Starship Asterisk*

neufer wrote: ↑Thu Dec 30, 2021 10:28 pm 160,000 seconds

https://www.syfy.com/syfy-wire/bad-astronomy-comet-heads-are-green-but-not-their-tails-due-to-c2 wrote:This part is cool: With that in hand, they could calculate how long, on average, a molecule of C2 takes to break apart when hit by sunlight if a comet were at the same distance from the Sun as Earth (150 million kilometers). It's actually a very complicated multi-part process to do this, involving at least two photons of light from the Sun plus a couple of more steps where the molecule changes configuration, so it takes time to proceed. What they found is that on average it takes very roughly 160,000 seconds, or two days. That means a lot of the C2 is gone by the time it gets from 50–100,000 km from the comet.

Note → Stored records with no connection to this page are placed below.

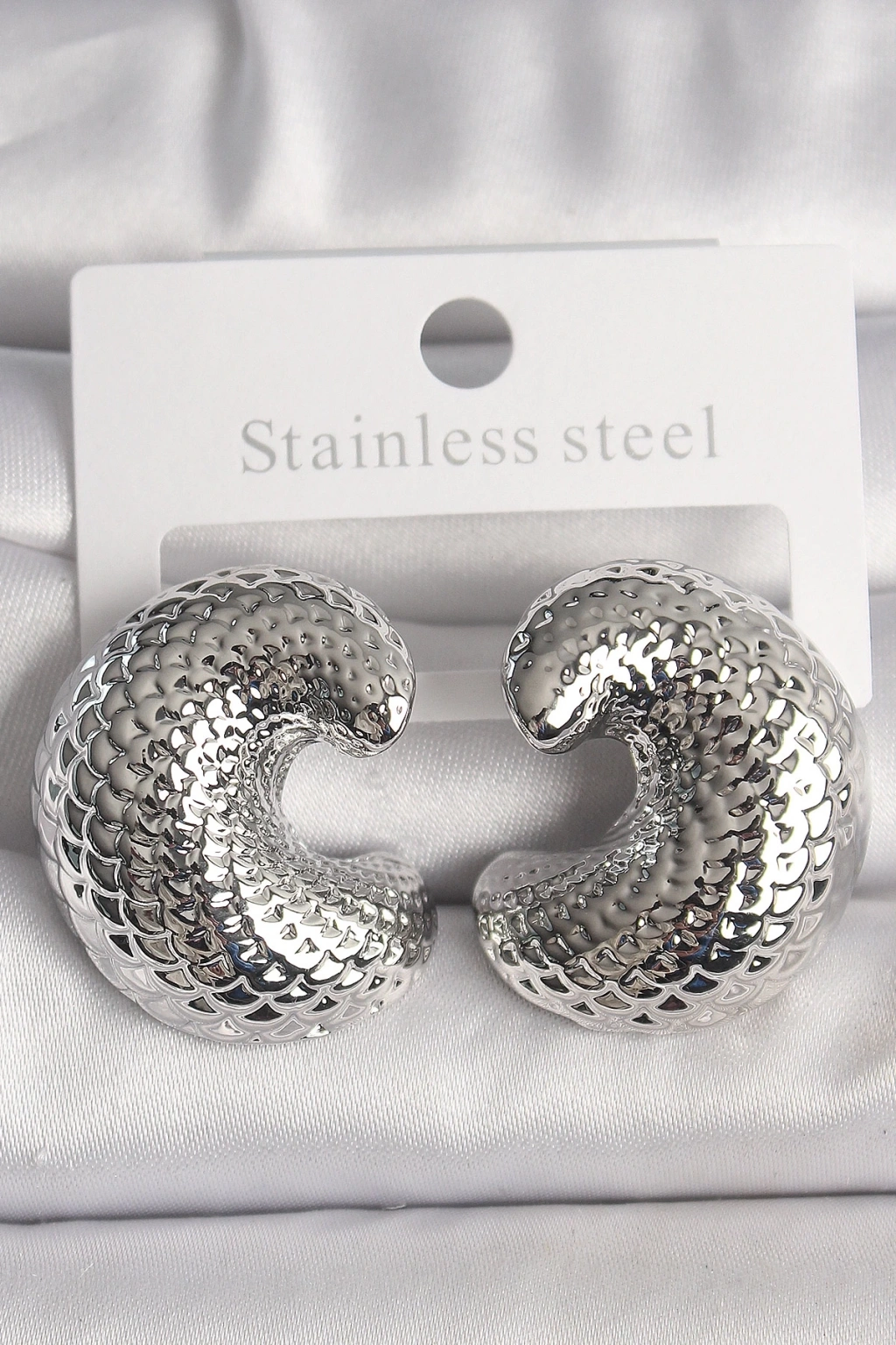 • Pirinç Gümüş Renk Yılan Sırtı İşlemeli Yarım Halka Model Kadın Küpe
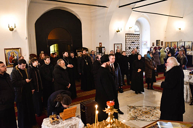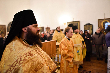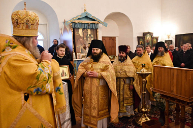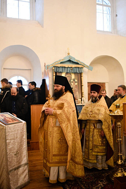 В храме Воскресения Господня, в котором был крещен будущий святитель, делегация Донского монастыря приняла участие в общей молитве за Божественной литургией, которую возглавил епископ Великолукский и Невельский Сергий. Ему сослужили: игумен Парамон, наместник Донского монастыря с братией; игумен Савватий, благочинный Великолукского округа, настоятель Свято-Вознесенского кафедрального собора г. Великие Луки, а также представители местного духовенства.
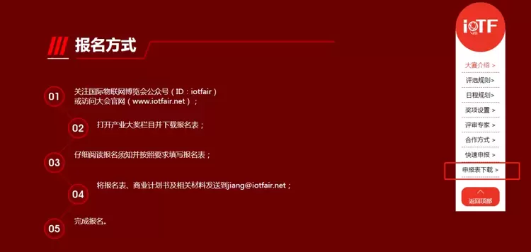 4、将报名表、商业计划书及相关材料发送到jiang@iotfair.net;
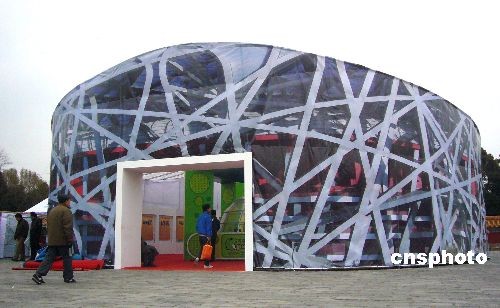 2008年12月3日,由噴繪布模擬搭建的山寨版“鳥巢”展廳正式在北京地壇書市的方澤壇活動區亮相,游客競相入內參觀。不過這個建筑可不是用來進行體育比賽的,本屆書市的展覽、法律咨詢等活動都在這里進行。中新社發 玉龍 攝
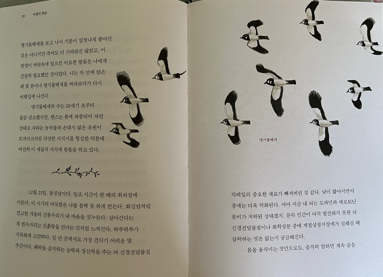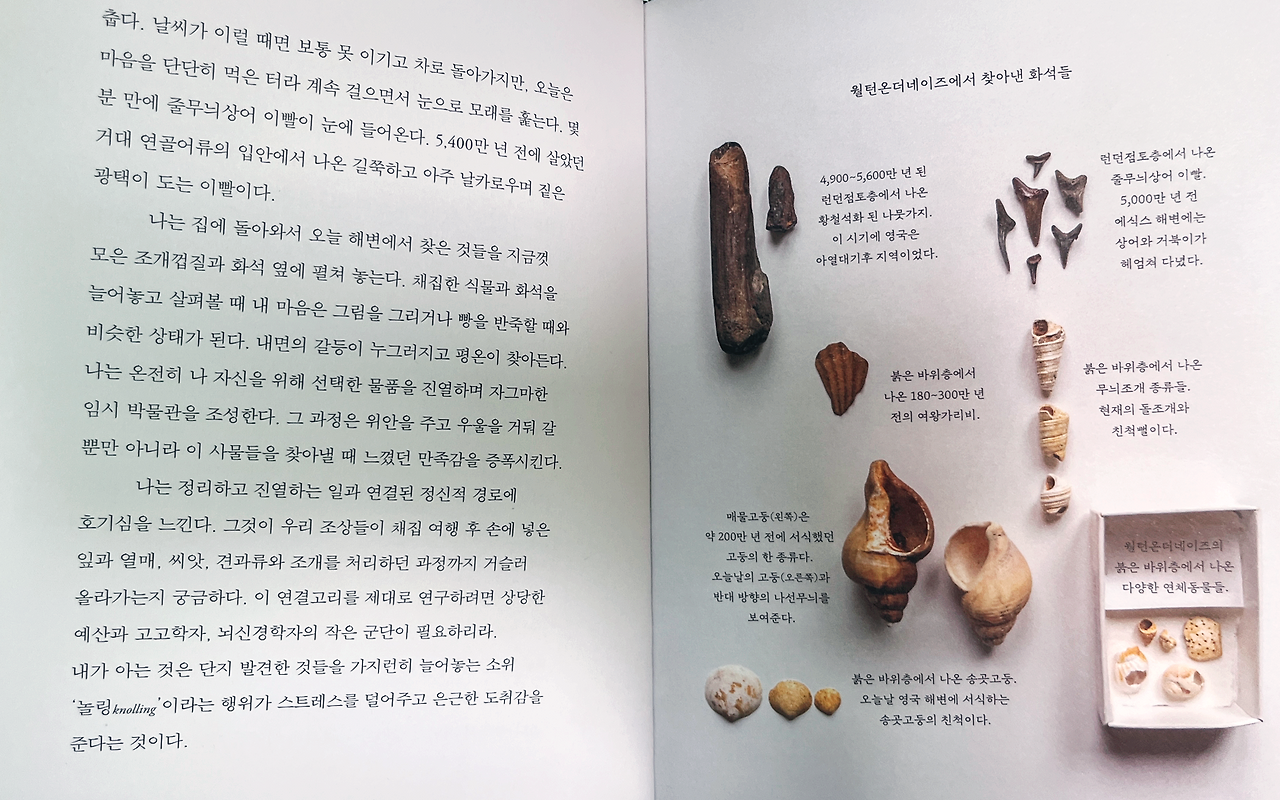 내가 오늘날 낙엽을 주워 모으며 느끼는 기분은 그러한 본능의 흔적일지도 모른다. 이 뿌듯한 감정의 진화적 근거가 무엇이든 간에, 이런 행동이 내 뇌의 화학적 균형을 미세하게 조정하는 데 도움이 되는 건 확실하다. 나는 화사한 낙엽 카펫 옆을 서성이며 마법 같은 항우울 효과가 나타나길 기다린다. 햇살이 따스하다. 눈부신 빛깔들 속에서 보낸 몇 분이 기분을 돋워주어 정말로 입안에 상큼한 맛이 느껴질 것만 같다. P37
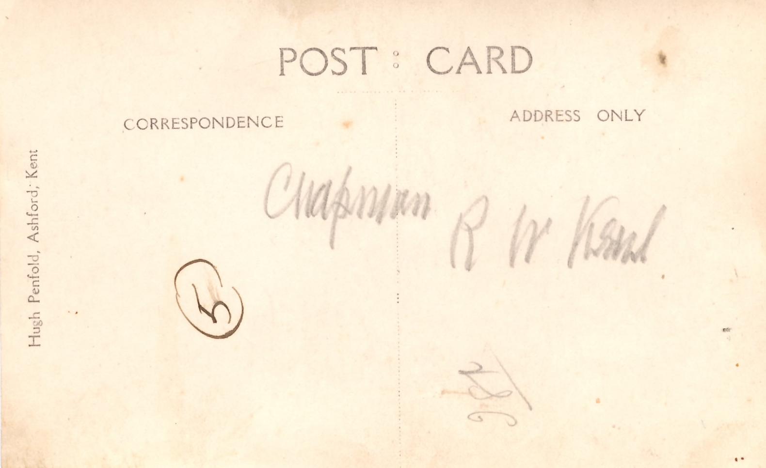 You can see it contains some wording which is another mystery. It shows an address on one end, for the photographer and studio, I assume – ‘Hugh Penfold, Ashford, Kent’. Then there is a number ‘5’ in pen, some small text in pencil (‘1st’, perhaps) and finally more words in pencil ‘Chapman RW Kent’.
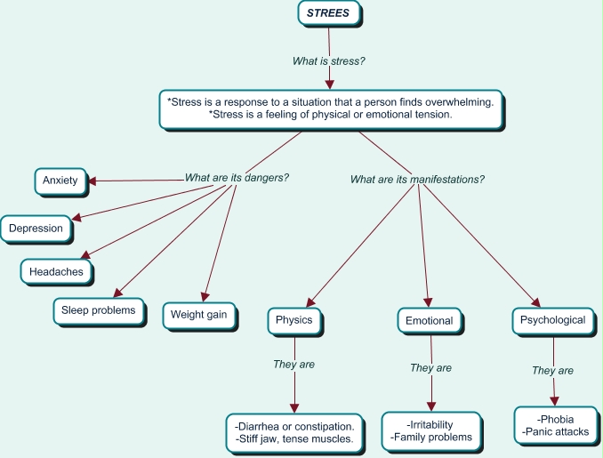 Este Cmap, tiene información relacionada con: Conceptual map, *Stress is a response to a situation that a person finds overwhelming. *Stress is a feeling of physical or emotional tension. What are its manifestations? Psychological, *Stress is a response to a situation that a person finds overwhelming. *Stress is a feeling of physical or emotional tension. What are its dangers? Headaches, *Stress is a response to a situation that a person finds overwhelming. *Stress is a feeling of physical or emotional tension. What are its dangers? Depression, Physics They are -Diarrhea or constipation. -Stiff jaw, tense muscles., *Stress is a response to a situation that a person finds overwhelming. *Stress is a feeling of physical or emotional tension. What are its dangers? Sleep problems, Psychological They are -Phobia -Panic attacks, *Stress is a response to a situation that a person finds overwhelming. *Stress is a feeling of physical or emotional tension. What are its manifestations? Physics, Emotional They are -Irritability -Family problems, *Stress is a response to a situation that a person finds overwhelming. *Stress is a feeling of physical or emotional tension. What are its manifestations? Emotional, *Stress is a response to a situation that a person finds overwhelming. *Stress is a feeling of physical or emotional tension. What are its dangers? Anxiety, *Stress is a response to a situation that a person finds overwhelming. *Stress is a feeling of physical or emotional tension. What are its dangers? Weight gain, STREES What is stress? *Stress is a response to a situation that a person finds overwhelming. *Stress is a feeling of physical or emotional tension.
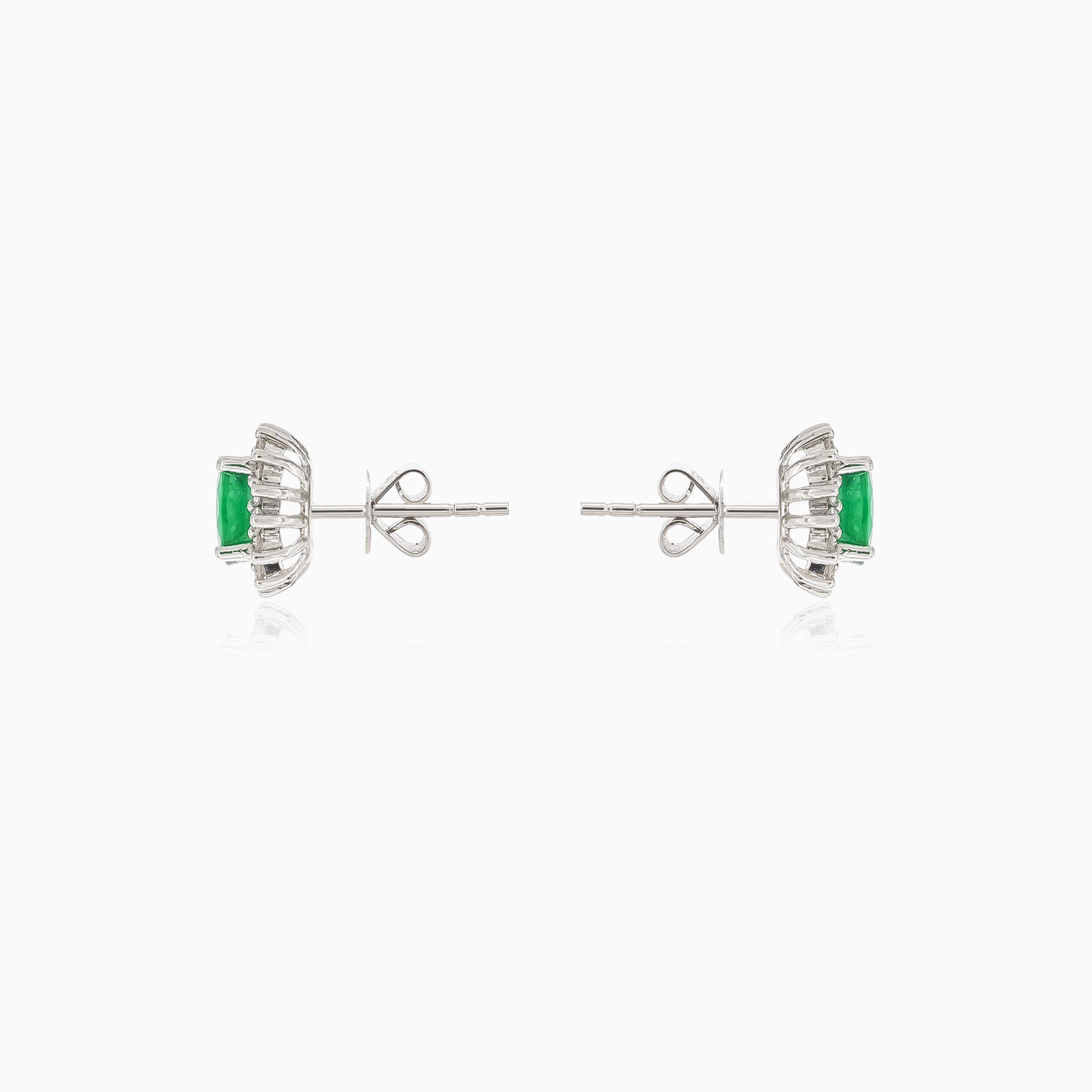 Élégantes boucles d’oreilles en or blanc 14 carats ornées d’une émeraude taille ovale de 1,15 ct dans un sertissage sécurisé à 4 griffes, entourée de diamants taille ronde de 0,35 ct en sertissage griffes partagées, avec un fermoir poussette. Les diamants présentent une pureté VS/SI et une couleur G.
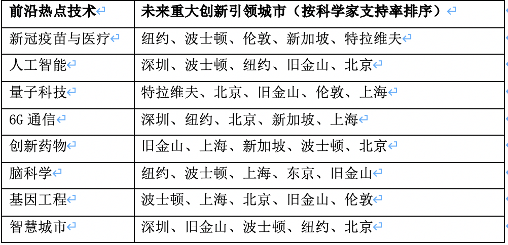 科学家对于未来15年内最有可能率先涌现重大创新突破的城市的预测。
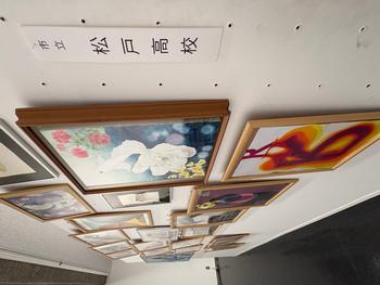 美術部の部員たちと中学生たちが透明水彩で各々好きな色で描いた素敵な作品たちです。ご覧ください。
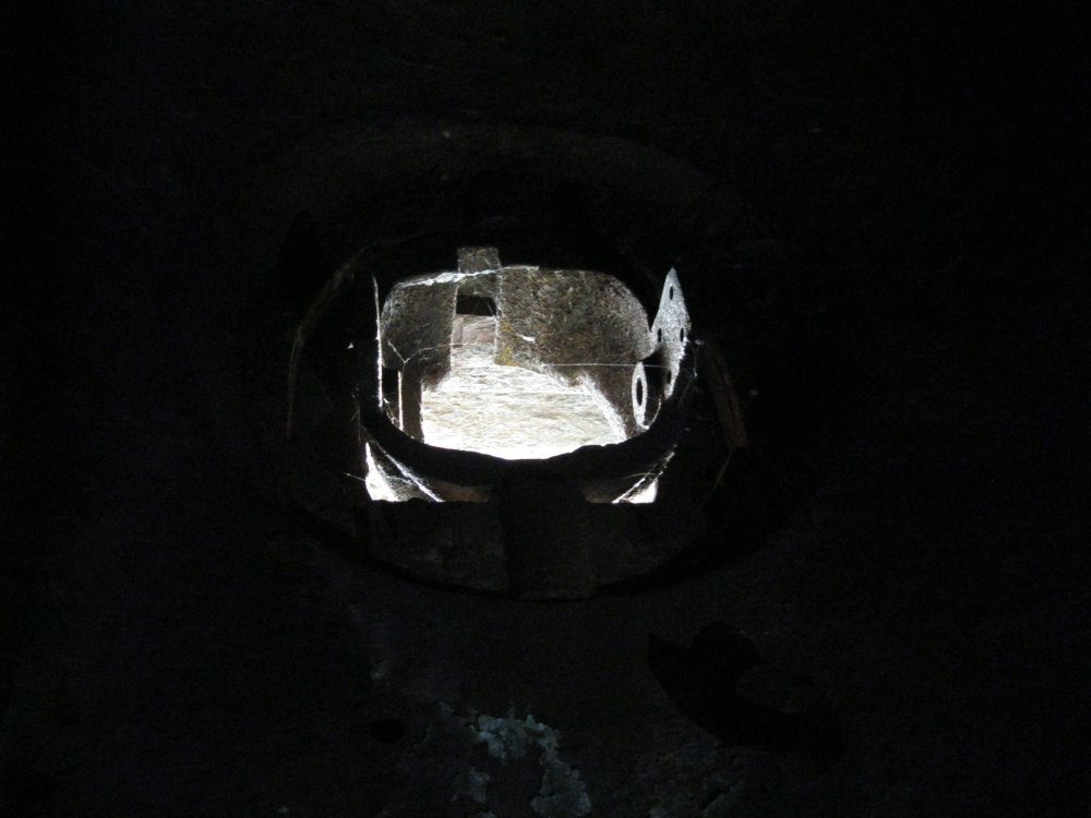 Ещё несколько снимков этого дота. Нижний ярус привычно завален камнем. Хорошо видно отверстие для перископа в бронеколпаке. И мощная задвижка на бронедвери.
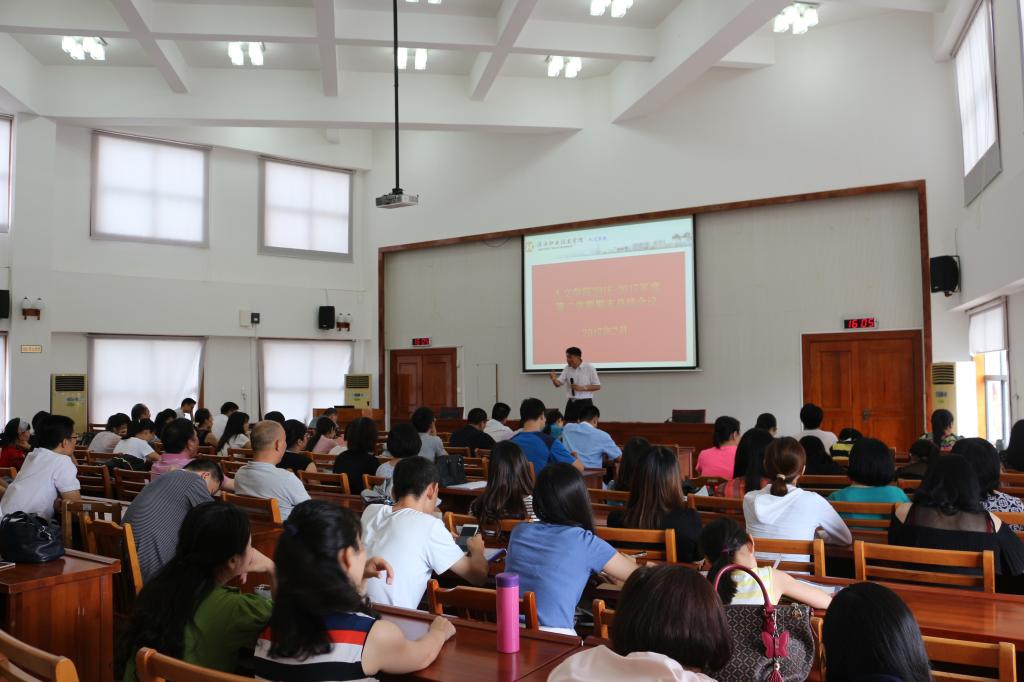 7月4日15点00分,人文学院全体教职工在行政楼楼C108召开2016-2017学年度第二学期期末总结会议,陈德清校长、唐汉芳副校长出席会议。
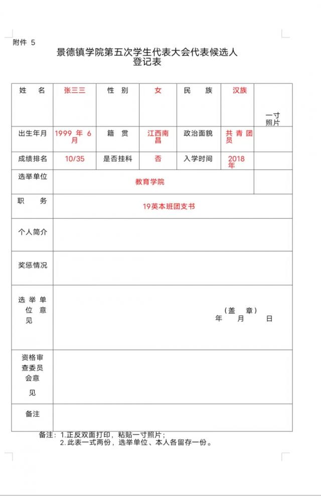 5.景德镇学院第五次学生代表大会代表候选人登记表
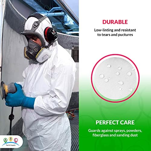 ABC Disposable Coveralls with Hood for Men, Women Hazmat Suits Disposable, 55G Poly Disposable Coverall Suit with Zip-Front
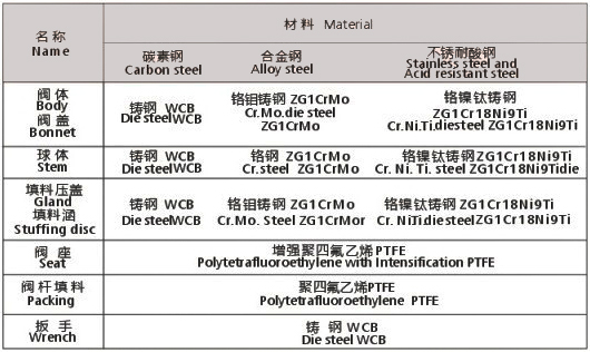 Q44(5)F46衬氟三通球阀采用了氟塑料作为球阀的内衬,并配之以新型的带杆球体结构,再加上其独特的弹性唇式密封座结构,使其具有普通球阀的各项优点,能在大压差和较大的温差变化范围内具有高密封性能和低操作扭矩。本产品适用于各种工业管道中液体和气体的输送(包括蒸气),在各种酸、碱、盐类等强腐蚀性介质中均能很好地工作。 Q44(5)F46衬氟三通球阀主要零件材料
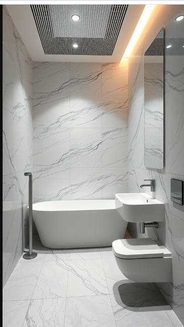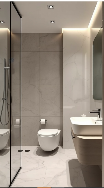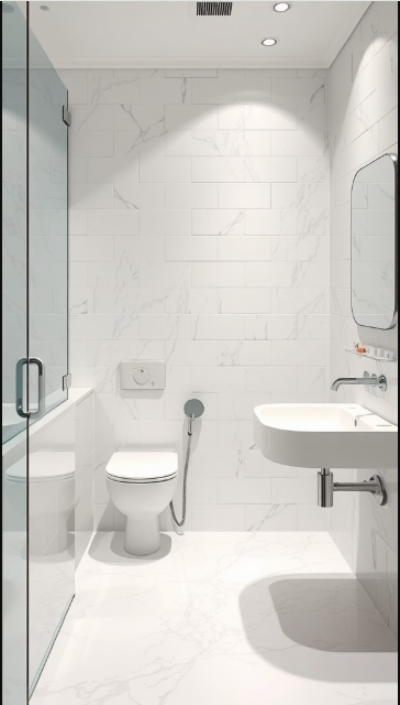 The marble-inspired tiles bring elegance while actively repelling dirt and grime. Resistant to stains and buildup, they allow you to spend less time scrubbing and more time enjoying your space. A minimalist sink and toilet further support the easy-clean concept, making daily upkeep simple and stress-free.
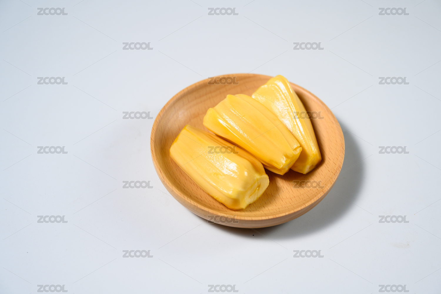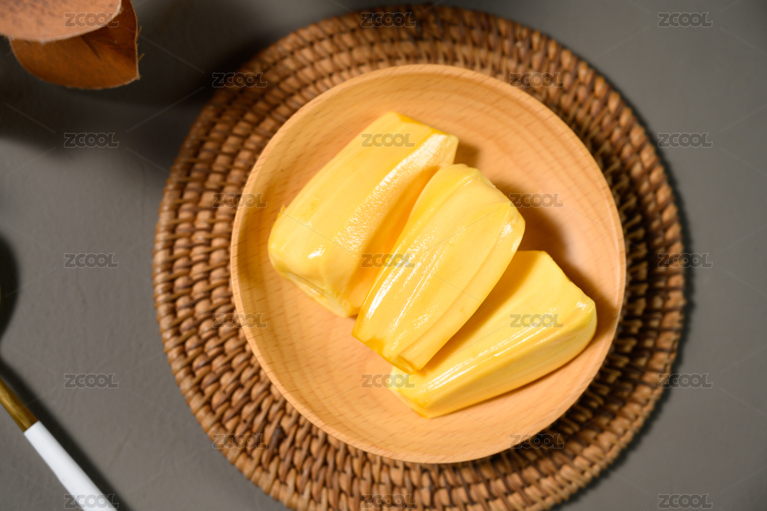 桌面上的玻璃盘子里的美味可口的菠萝蜜
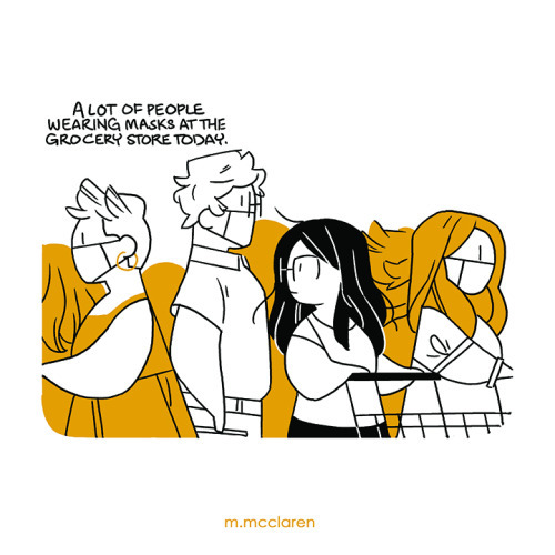 [Description: A one panel comic showing myself standing in a crowd of people all wearing masks. It’s a little surreal to see people actively responding to the pandemic.]

De58te wrote: ↑Sat Dec 25, 2021 6:49 pm
Nice comet. Sort of off topic but nobody has mentioned it yet. The James Webb telescope was successfully launched this morning from French Guiana. It will take 12 to 14 days for it to unfurl its solar panels and sun shield so everybody at NASA and some 16 other countries involved are holding their breaths. What a merry Christmas present for astronomers and would be astronomers!

• http://asterisk.apod.com/viewtopic.php? ... 50#p319272

neufer wrote: ↑Sat Dec 25, 2021 5:53 pm

Chris Peterson wrote: ↑Sat Dec 25, 2021 2:09 pm
(of course, the comet might still be reasonably seen as in a near Keplerian elliptical orbit around the center of the galaxy).

Keplerian elliptical orbits require a 1/R² force field.

Milky Way dark matter, however, produces an approximate 1/R force field [= a logarithmic potential]
which balances out the V²/R centrifugal force with an observed radially constant orbital Velocity.

Chris Peterson wrote: ↑Sat Dec 25, 2021 2:09 pm
(of course, the comet might still be reasonably seen as in a near Keplerian elliptical orbit around the center of the galaxy).

https://arxiv.org/abs/1209.1342 wrote:
A Study of the Orbits of the Logarithmic Potential for Galaxies
S. R. Valluri, P. A. Wiegert, J. Drozd, M. DaSilva

The logarithmic potential is of great interest and relevance in the study of the dynamics of galaxies. Some small corrections to the work of Contopoulos & Seimenis (1990) who used the method of Prendergast (1982) to find periodic orbits and bifurcations within such a potential are presented. The solution of the orbital radial equation for the purely radial logarithmic potential is then considered using the p-ellipse (precessing ellipse) method pioneered by Struck (2006). This differential orbital equation is a special case of the generalized Burgers equation. The apsidal angle is also determined, both numerically as well as analytically by means of the Lambert W and the Polylogarithm functions. The use of these functions in computing the gravitational lensing produced by logarithmic potentials is discussed.

David G wrote: ↑Sat Dec 25, 2021 7:08 am An ellipse has two focal points. Many comets' orbits are elliptical. For those comets in our solar system, the sun is one focal point ... but where's the other? For those comets outside our solar system, has anyone been able to establish the two foci?